YOUR ASSIGNMENT: The output should contain the listing word for word and no pictures.

RAW DATA:
● ● ●

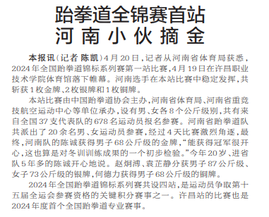 4月20日,记者从河南省体育局获悉,2024年全国跆拳道锦标系列赛第一站比赛,4月19日在许昌职业技术学院体育馆落下帷幕。河南选手在本站比赛中稳定发挥,共斩获1枚金牌、2枚银牌和1枚铜牌。(今日《郑州日报》2版)
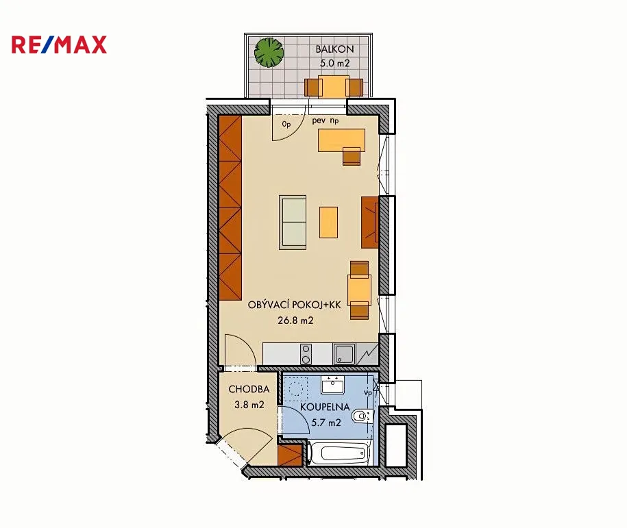 • dispozice: obývací pokoj s kuchyňským koutem a vstupem na balkon, předsíň, koupelna se sprchou, WC a přípojkou na pračku
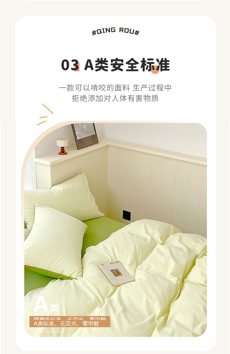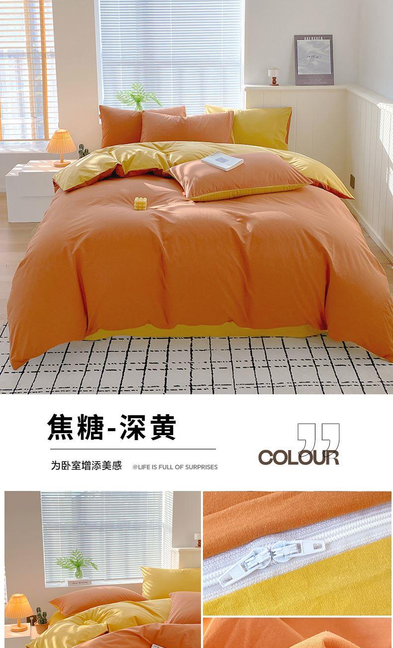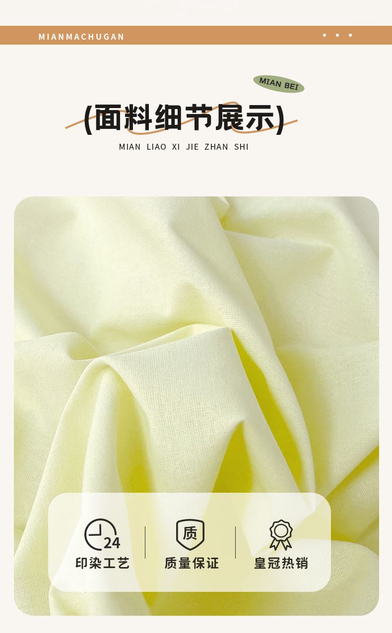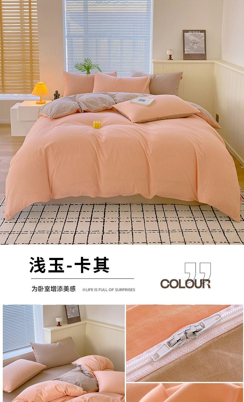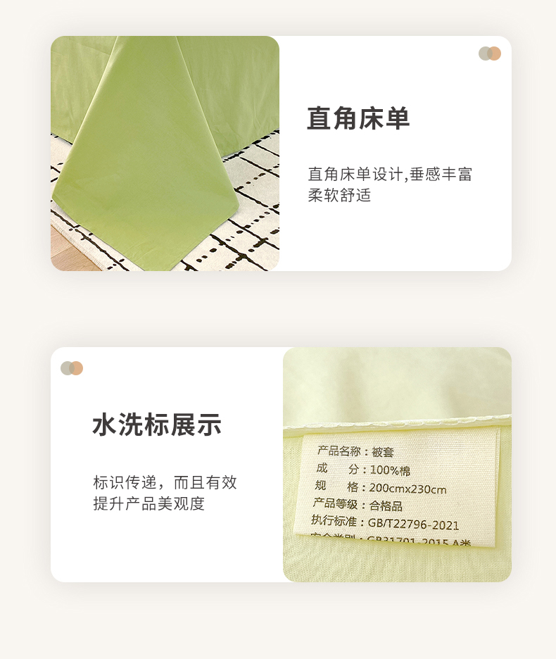 规格:被套200*230cm 床单240*245cm 枕套48x74cm 面料:全棉。棉纱:32S*32S.织数:84*72. 花色:果绿-墨绿,焦糖-深黄,墨绿-深灰,浅黄-果绿,浅灰-卡其,浅玉-卡其,浅玉-浅黄,深黄-果绿,深黄-浅黄,深灰-浅灰,水蓝-浅黄,水蓝-天蓝 喷气平纹。印染:古老印染工艺,环保,健康。水洗:经过水洗工艺处理,更环保,贴肤,全棉缩水也解决了
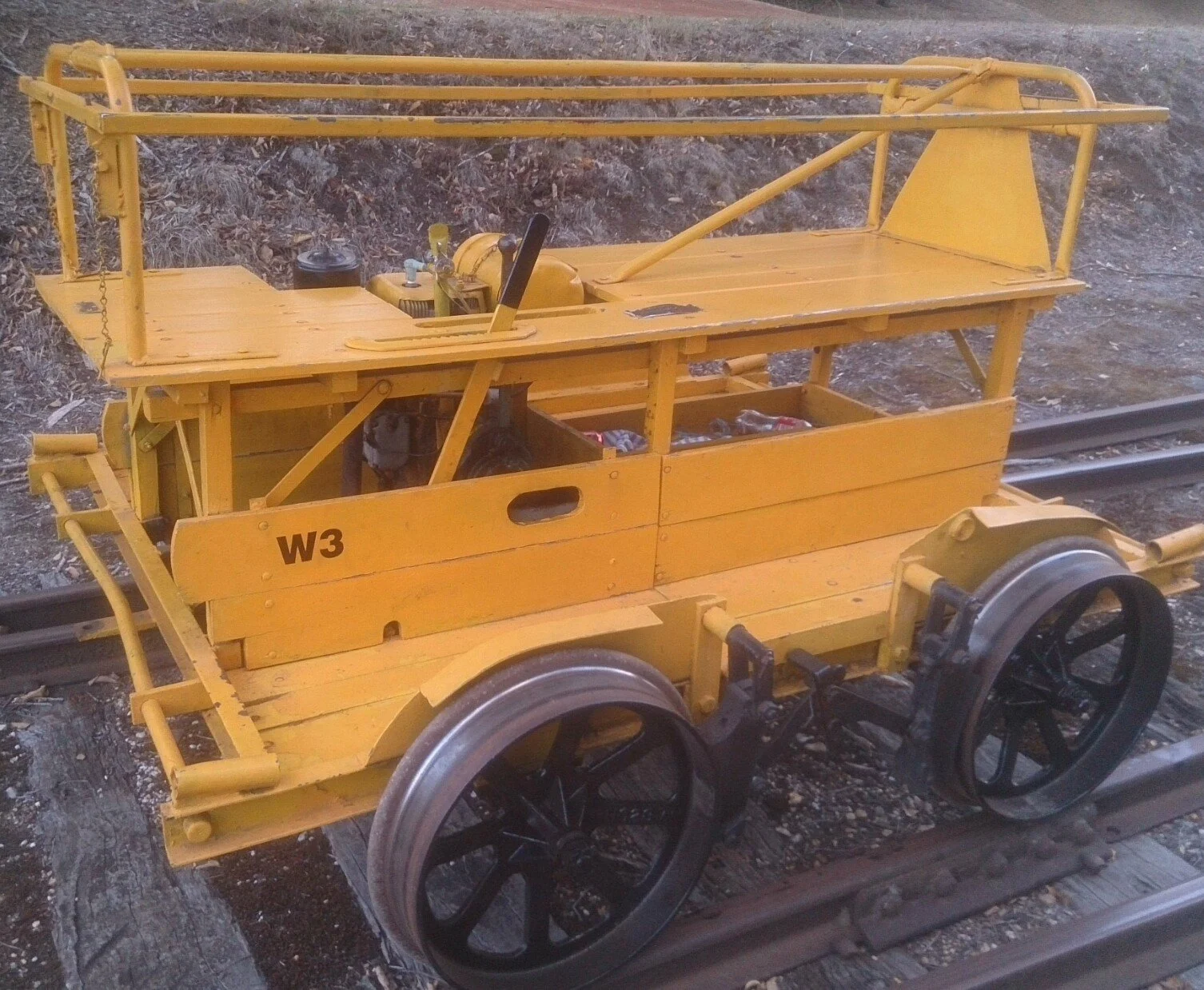 "The Victorian 63" trolley is the original KS type, which became the 6W when the engine in it and the K type where replaced with the Wisconsin AENLD 9.2 hp engine, and the Granite State Machine Co. model 5101E reversing gearbox.

● ● ●

EXERCISE RESULT:
 4月20日,记者从河南省体育局获悉,2024年全国跆拳道锦标系列赛第一站比赛,4月19日在许昌职业技术学院体育馆落下帷幕。河南选手在本站比赛中稳定发挥,共斩获1枚金牌、2枚银牌和1枚铜牌。(今日《郑州日报》2版)
 • dispozice: obývací pokoj s kuchyňským koutem a vstupem na balkon, předsíň, koupelna se sprchou, WC a přípojkou na pračku
 规格:被套200*230cm 床单240*245cm 枕套48x74cm 面料:全棉。棉纱:32S*32S.织数:84*72. 花色:果绿-墨绿,焦糖-深黄,墨绿-深灰,浅黄-果绿,浅灰-卡其,浅玉-卡其,浅玉-浅黄,深黄-果绿,深黄-浅黄,深灰-浅灰,水蓝-浅黄,水蓝-天蓝 喷气平纹。印染:古老印染工艺,环保,健康。水洗:经过水洗工艺处理,更环保,贴肤,全棉缩水也解决了
 "The Victorian 63" trolley is the original KS type, which became the 6W when the engine in it and the K type where replaced with the Wisconsin AENLD 9.2 hp engine, and the Granite State Machine Co. model 5101E reversing gearbox.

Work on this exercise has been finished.